そう思ったとき、サブシステムのタブレットが地面に落ちたことを思い出した。佐々木が壊そうとしていた。ナイフの柄ごときでは壊れないだろうが、本気で壊そうとされたら、もたないだろう。
そして、自分のポケットの感触からすると、携帯も無線もない。
佐々木が持って移動してくれていればいいが、GPSで広瀬を探してもらえるという可能性は低くなった。
倉庫の先には、二人の男がいた。1人は黒沼で、手足を縛られている。殴られたのだろう唇が切れ、右目が腫れ上がっている。
もう1人は浅井だった。投資用のパンフレットに印刷されていたにこやかで健康的な青年社長風の浅井とはずいぶん風情が違う。髪はぼさぼさで顔色は悪くやせていた。ここ数ヶ月、彼が追い詰められていたことがよくわかる。
浅井は、手に鉄パイプをもっていた。彼は、黒沼に問いかけていた。
「黒沼、残りの金はどこにやったんだ?」
「残りどころか、お前の金のことは俺は知らない。原料は自分の金を動かしたって言ってるだろう」
「さっき聞いたら、原料はそんなに多くない。残りがあるだろう」浅井は黒沼の言葉を無視している。
「原料の場所、正直に言ってるんだぜ。俺の金で仕入れたのに、お前にゆずるって言ってるんだ。お前が下手打ったつけで東京湾に沈められないように」
浅井は、鉄パイプを振り上げた。黒沼の右足に打ちおろす。黒沼は苦痛で大声でわめいた。
「言えよ。足の骨こなごなにするぞ」
「お前の投資の金のことは知らないんだ。乱暴すんなよ」と黒沼は言う。
「嘘つくな。お前、ずっと嘘ばっかりだからな」浅井の声が甲高い。自分が暴力を振るっていることに興奮しているのだろう。

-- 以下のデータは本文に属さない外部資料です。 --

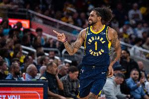 本场比赛,步行者全员外线手感不错,各种三分多点开花一度追上比分,虽然最终未能逆转成功,但命中率还是在线,全队三分54投23中,命中率达到42.6%。
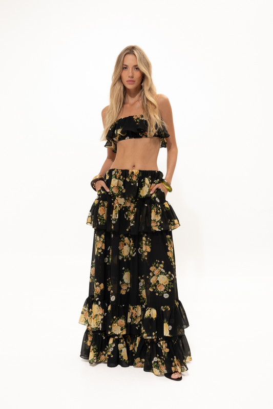 Sold outVK Black Floral Ruffled Skirt
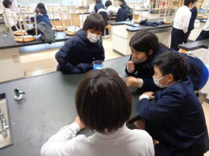 理科の学習で、水の温まり方について実験をして、調べました。インクの色が変わっていく様子を真剣に観察していました。
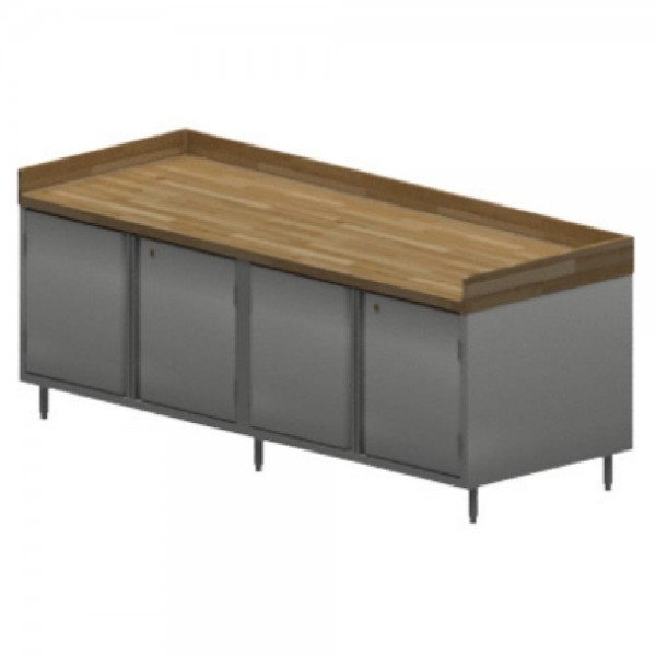 BK Resources, CMBT-3696HL, Chef Table, cabinet base with hinged doors & locks, 96"W x 36"D x 39"H overall size, 1-3/4" thick Hard Maple Bakers Top with 4" coved riser on back and sides, 18/304 stainless steel body, center mullion, (2) sets of hinged doors with locks, enclosed with stainless steel panels on sides and rear, 6” stainless steel legs with 1" height adjustment, stainless steel feet, NSF (3-10 day lead time)
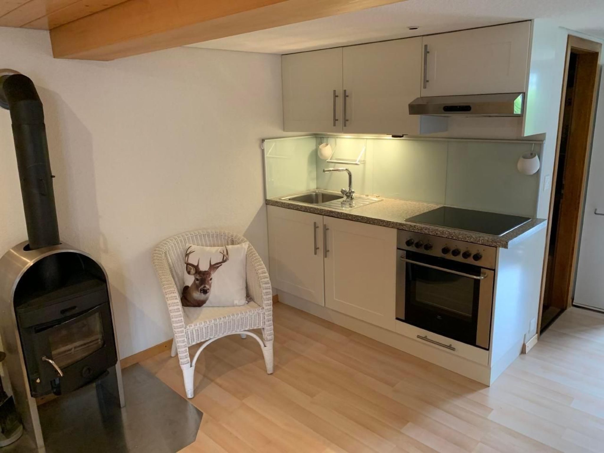 Im Erdgeschoss des traditionellen Chalet Fluehblüemli befindet sich das wunderschöne Studio. Der gemütliche Wohnraum ist nebst moderner Bodenheizung mit einem gemütlichen Ofen ausgestattet. Eine gut ausgestattete Küchenecke ergänzt das heimelige Studio. Das Bad wurde im Mai 2020 komplett saniert. Die Wohnung ist mit viel Charme ausgestattet. Ein moderner Flach TV mit UPC Box und gratis Gäste W-Lan lassen keinen Wunsch offen. Der gemeinschaftliche Terrassensitzplatz mit Cheminée bietet einen phantastischen Blick auf die Eigernordwand und die Berge. Ein Parkplatz steht direkt neben dem Haus zur freien Verfügung.
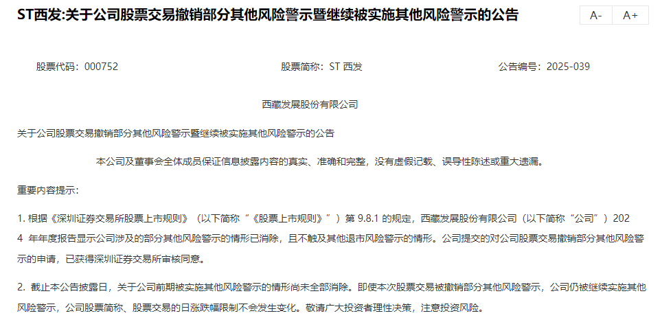 近日,ST西发公告称,公司2024年年度报告显示公司涉及的部分其他风险警示情形已消除,且不触及退市风险警示。公司提交的对公司股票交易撤销部分其他风险警示的申请,已获得深圳证券交易所审核同意。
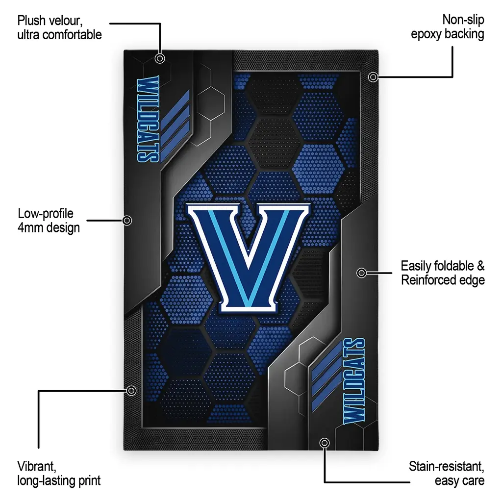 Hit a home run with your favorite team by displaying the Villanova Wildcats Rug – Customized Hexagonal Grid Pattern Navy from MLB Fan Zone. Featuring a bold team design and crafted with plush velour, this durable sports rug offers ultimate comfort for your home or game-day fan cave. With a quality non-slip grip and stay-flat design, it’s the perfect accessory for any die-hard fan ready to rep their team from the living room to the clubhouse.
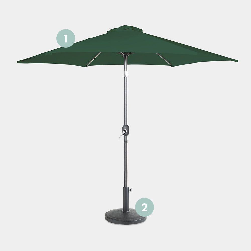 Finished in a deep forest green colourway, our parasol with base will soften the glare of the sun – and look good doing it! Whether you’re bringing your interior colour scheme outside or embracing the natural leafy hues of the outdoors, the dark green canopy is sure to attract compliments.
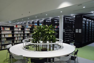 The Anjo City Library features a five-story building with reading rooms, study areas, and meeting spaces across multiple floors for community engagement.
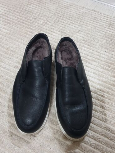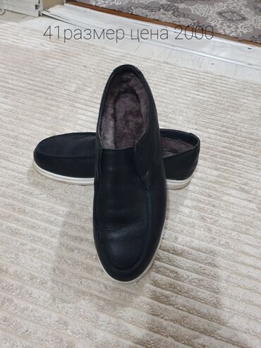 - Размер 41 – утепленные кожаные слипоны на белой подошве, внутри густой мех/ворс. Цена 2000.
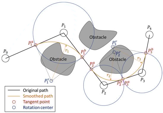 The purpose of path smoothing is to find an arc to replace the path around the path points so that the continuity of the orientation is obtained. Figure 2 shows an example of path smoothing on a five-point path. In this example, we have three arcs to replace part of the original path. For each point of path except the first and the last, its rotation radius, rotation center, and two tangent points are represented as ri, , , and , respectively. The relations between these points are given in (18).
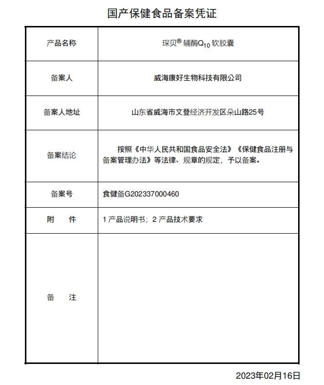 琛貝輔酶Q10軟膠囊保健功能:增強免疫力和抗氧化;適宜人群:成人;不適宜人群:少年兒童、孕婦、乳母、過敏體質人群。每日1次,每次1粒,食用方法:口服,飯后溫開水送服。本品不能代替藥物。適宜人群外的人群不推薦食用本產品。服用治療藥物的人群食用本品時應向醫(yī)生咨詢。
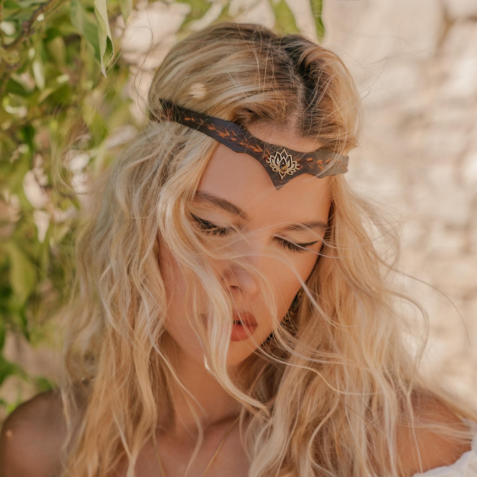 Patterns engraved into the leather while the natural beauty of the cabochon attracts the eye and reinforces your mystical aura. this tiara complements a variety of looks.
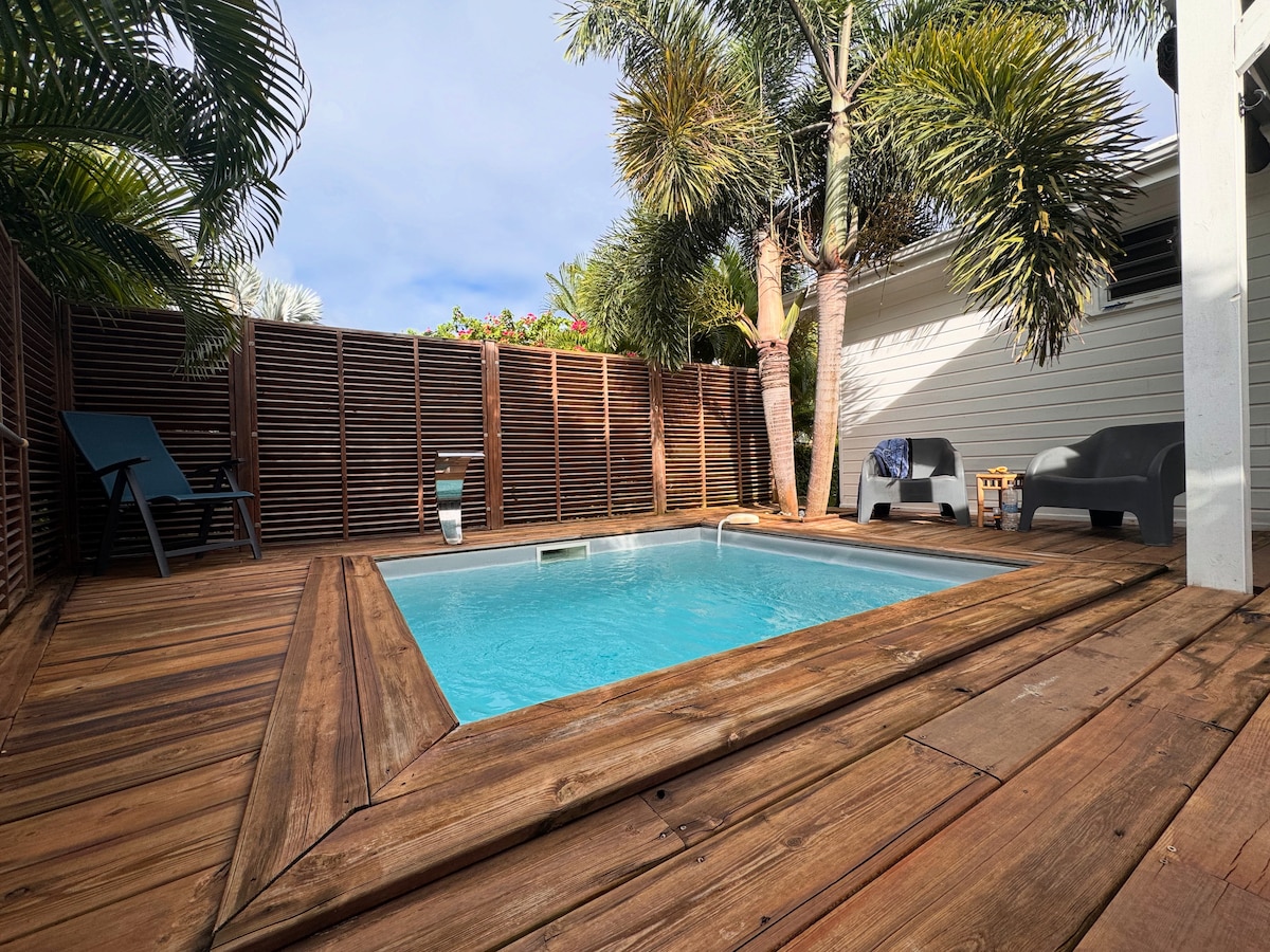 Escape as a couple to this recent 45 m² villa, combining modern comfort with Caribbean charm 🌺. Private balnéo pool, sunny terrace and tropical garden invite you to relax together. The beach is just a 3-minute walk away 🏝️—perfect for swimming, jet-skiing or sunset strolls. Takeaway food and several restaurants nearby. Ideally located between Sainte-Anne and Saint-François to discover Guadeloupe hand in hand. Welcome cocktails 🍹
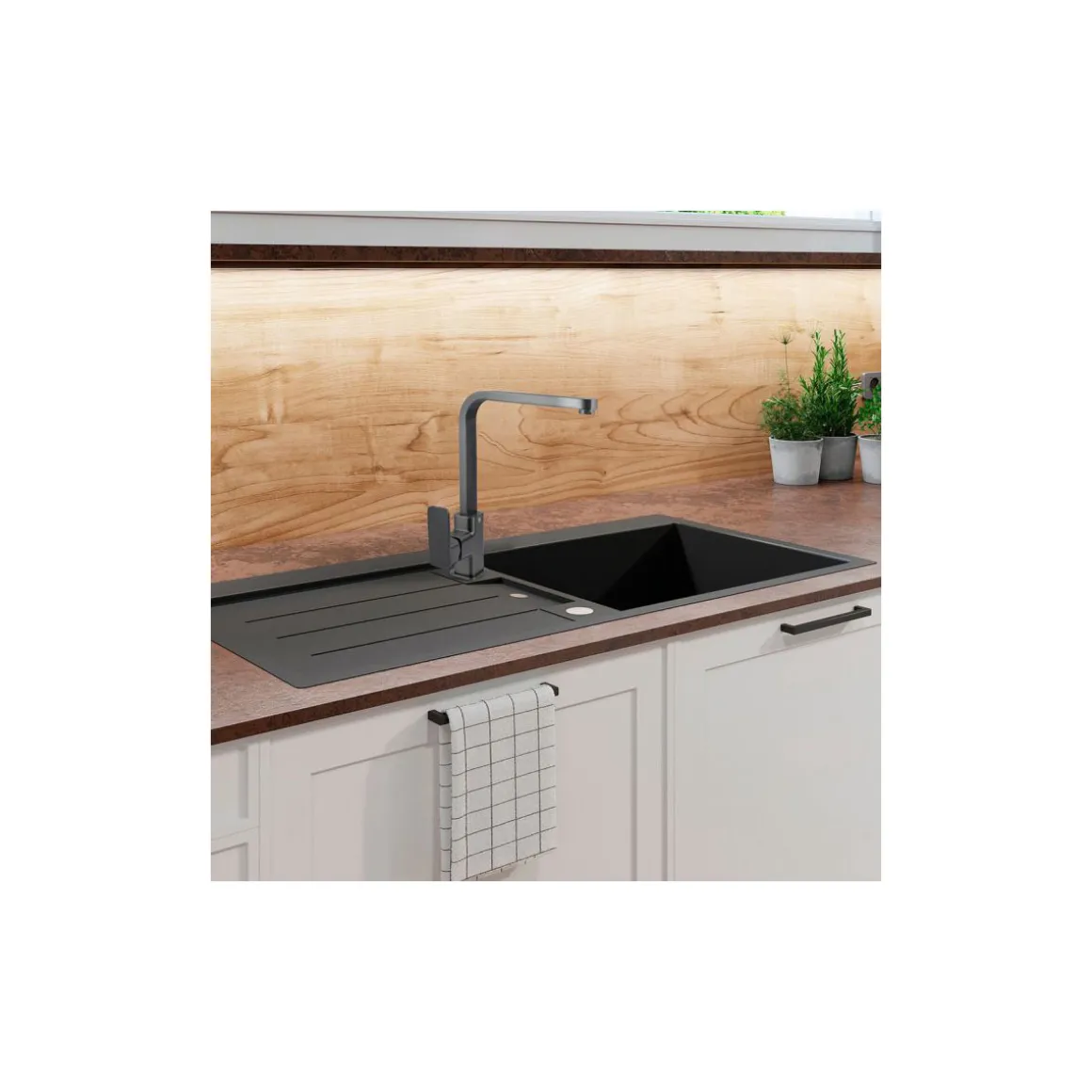 Wir bringen Farbe in Ihre Küche! Die Armatur in der angesagten Trendfarbe „Graphit“ passt ideal zu dunklen Spülbecken und wird damit zu einem optischen
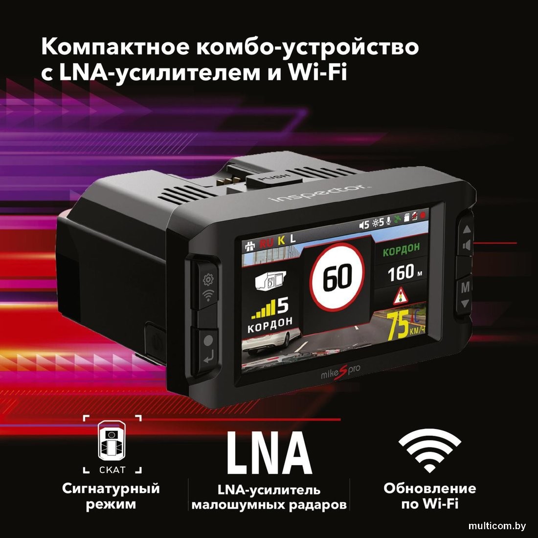 | Информация | INSPECTOR Mike S pro – это сигнатурное комбо-устройство нового поколения, включающее в себя большое количество инноваций: • Модуль LNA (Low Noise Amplifier) - это усилитель сигналов радарных комплексов К-диапазона и лазерных измерителей скорости. Результатом его применения является увеличенная дистанция приема сигналов радаров, включая установленных "в спину". А также уверенный прием сигналов новых маломощных радарных комплексов, распространяющихся как на территории РФ, так и странах ближайшего зарубежья (Узбекистан, Казахстан, и др.); • Рупорная антенна нового поколения - разработана специально для использования с модулем LNA для повышения чувствительности детектирования; • Усовершенствованный лазерный приемник - разработан специально для использования с модулем LNA, обладает увеличенной дистанцией детектирования, что играет ключевую роль при приеме сигналов лазерных измерителей скорости; • Сигнатурная технология предназначена для снижения количества ложных оповещений в К-диапазоне с помощью распознавания сигналов радаров и сопоставления их с заложенной в память устройства обновляемой библиотекой сигнатур; • Полноцветный ЖК-экран с диагональю 2,45" высокого разрешения для комфортного отображения обширной информации из базы радаров и камер, включающей в себя ограничение скорости, тип радаракамеры, расстояние до места установки и объекты контроля. Поворотное на 360? градусов крепление с активным питанием, кабель питания подключается к креплению без необходимости его отключения; • Встроенный Wi-Fi модуль позволяет установить связь со смартфоном на базе Android или с iPhone, чтобы с помощью официального приложения иметь возможность обновить программное обеспечение или базу радаров и камер, не выходя из автомобиля. Помимо этого, приложение позволяет просмотреть видеозаписи или внести изменения в настройки устройства. Читать дальше |
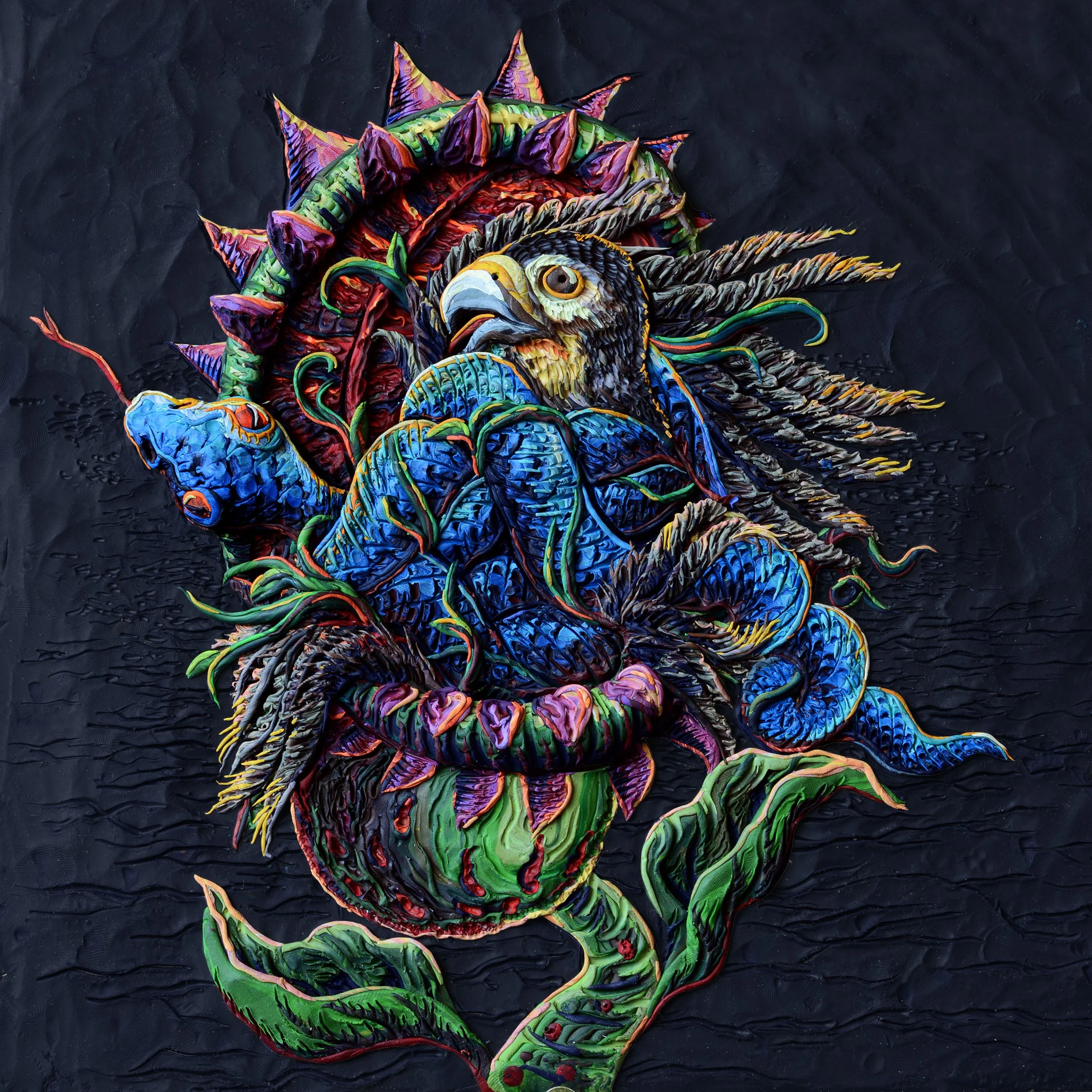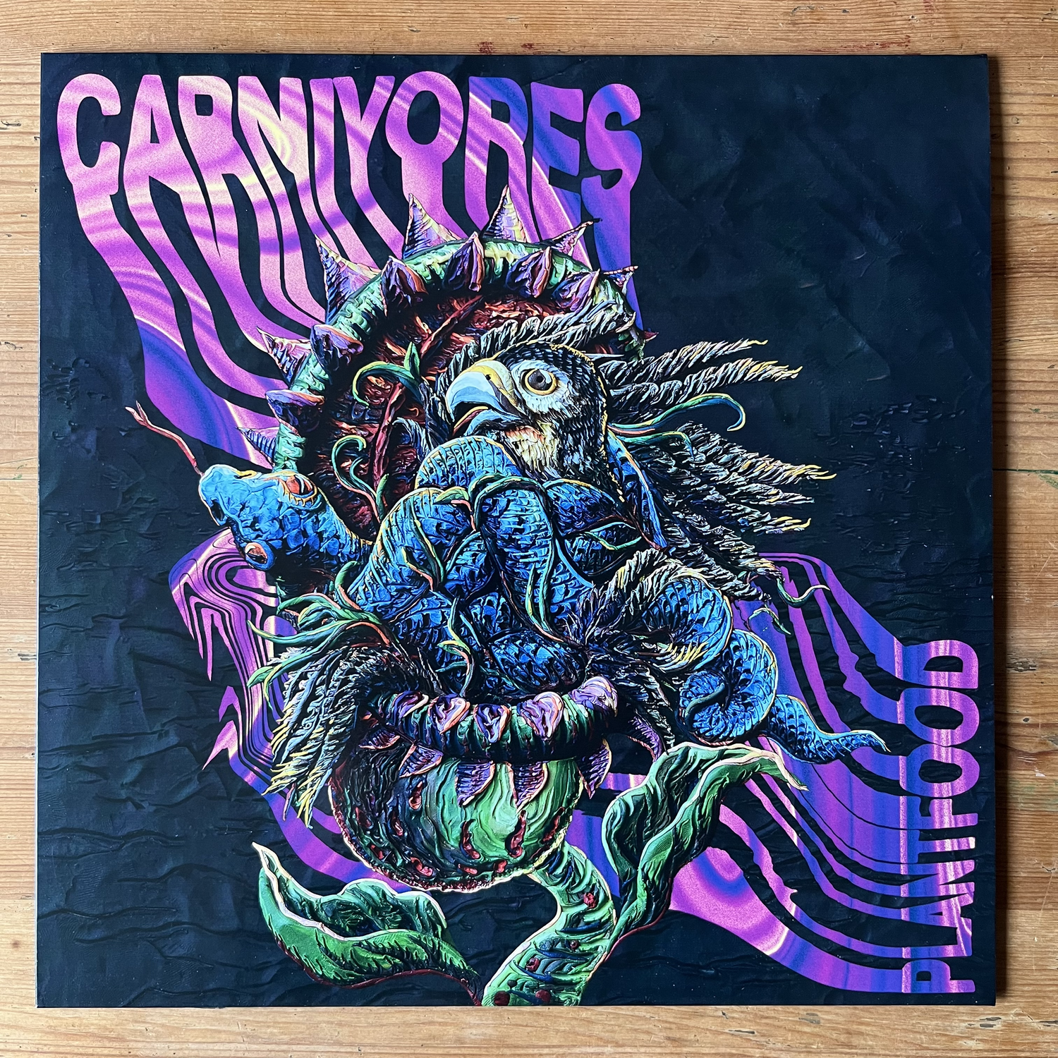 In 2024 Plantfood asked me to create their debut album, designed specifically to be printed as a vinyl. The brief was to create a carnivorous plant consuming animals in a desolate landscape. I decided to make this using plasticine, to create a sculpted painting embodying the visceral and textured elements of the imagery. With graphic design by Jonathan Lodder.
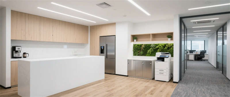 高管辦公室通過灰玻霧化膜實現(xiàn)私密與通透的辯證,胡桃木辦公桌與深灰沙發(fā)組演繹商務(wù)美學(xué),隱藏式智能控制系統(tǒng)將科技感融于無形??萍紩h室創(chuàng)新采用環(huán)形桌體與360°攝像系統(tǒng),陣列麥克風與補光燈帶打造沉浸式遠程協(xié)作場景。從光伏玻璃幕墻到模塊化綠植系統(tǒng),從智能升降辦公桌到節(jié)能設(shè)備集群,每個細節(jié)都銘刻著可持續(xù)發(fā)展的空間基因。
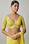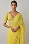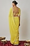 Featuring a lemon yellow and gold saree for girls in viscose georgette base. It is paired with a blouse having sequins embroidery and a butter crepe underskirt. Style it with sandals and a hair clip for a wedding, sangeet or festive ceremonies.
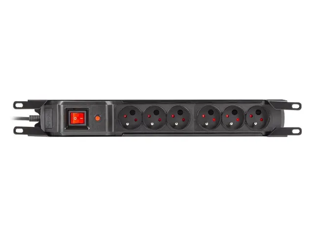 Listwa przeciwprzepięciowa rack 19cali M6 1,5m 6x230v czarna M6/15/R/CZ/IEC
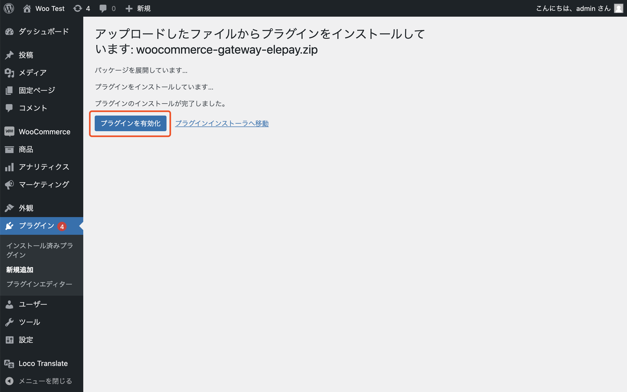 - インストール結果画面にて「プラグインを有効化」ボタンをクリックしてください。

佐々木が広瀬を連れて入っていくと、こちらを向いた。浅井の目は血走っている。
「つれてきたのか」と浅井は佐々木に言った。「なんだって、そんな刑事トランクに入れてつれてきたんだ」声はいらだっている。
佐々木は、まあまあ、と浅井をなだめようとする。
「あそこに置いてくればよかったのに。警察って、自分の身内になんかあったら、かなりヤバイらしいじゃないか」
「どうせ、この後、高飛びするんだから大丈夫ですよ」と佐々木は言った。「それと、俺、この刑事知ってるんですよ。ずっと社長の警護についてたから。こいつ、高値で売れるんですよ」
浅井は意味がわからないといった。広瀬も佐々木が何を言っているのかわからなかった。
「黙打会の勢田って幹部が、こいつに惚れるらしいんですよ。社長がそんな話してて面白いと思って色々調べたらこの刑事を連れて行ったら、言い値で買うっていう奴が何人かいるらしいんですよ。勢田の部下の男は、こいつを始末したがってるらしいんです。勢田がおかしいのはこいつのせいだから、こっそり消したいって思ってるって。他にも勢田の弱みを握りたいっていう奴もいるし。どうせ日本には一生戻らないんだから、こいつも売って少しでも金にするほうがいいでしょう」
「意味が全然わからないな」浅井は意味がつかみかねているらしい。「黙打会の幹部とこの刑事がなんだっていうんだよ。それに、売るってどうやって人間を売るんだよ」
「品物がきて取引するときに、一緒に売ってしまうんですよ」
「警察の人間をか?」
「そうです。売人から連絡が入ったら、俺が交渉しますよ」
浅井は、肩をすくめた。「うまくいくとは思えない」と疑っている。「だけど、ここまで連れてきちゃったのはしょうがない。売人が来るまで、変なことされないように見張っとけよ」浅井は言った。「それに、いざとなったら、黒沼と一緒に消してもらう」
佐々木は、うなずくと広瀬に座るよう命じてきた。動くと撃つとまた言われた。広瀬は、命じられるままに床に腰を下ろした。
「広瀬さん、ひどいかっこしてる。きれいな顔がだいなしだ。あんた、こんなところまできて何やってるんだ」と黒沼が広瀬に話しかけてきた。かなり身体が痛むようだ。「警護の連中も、あんたの上司も大丈夫だっていうから俺は浅井と会ったんだぜ。それがなんでこんなことになるんだよ」と恨み言を言われる。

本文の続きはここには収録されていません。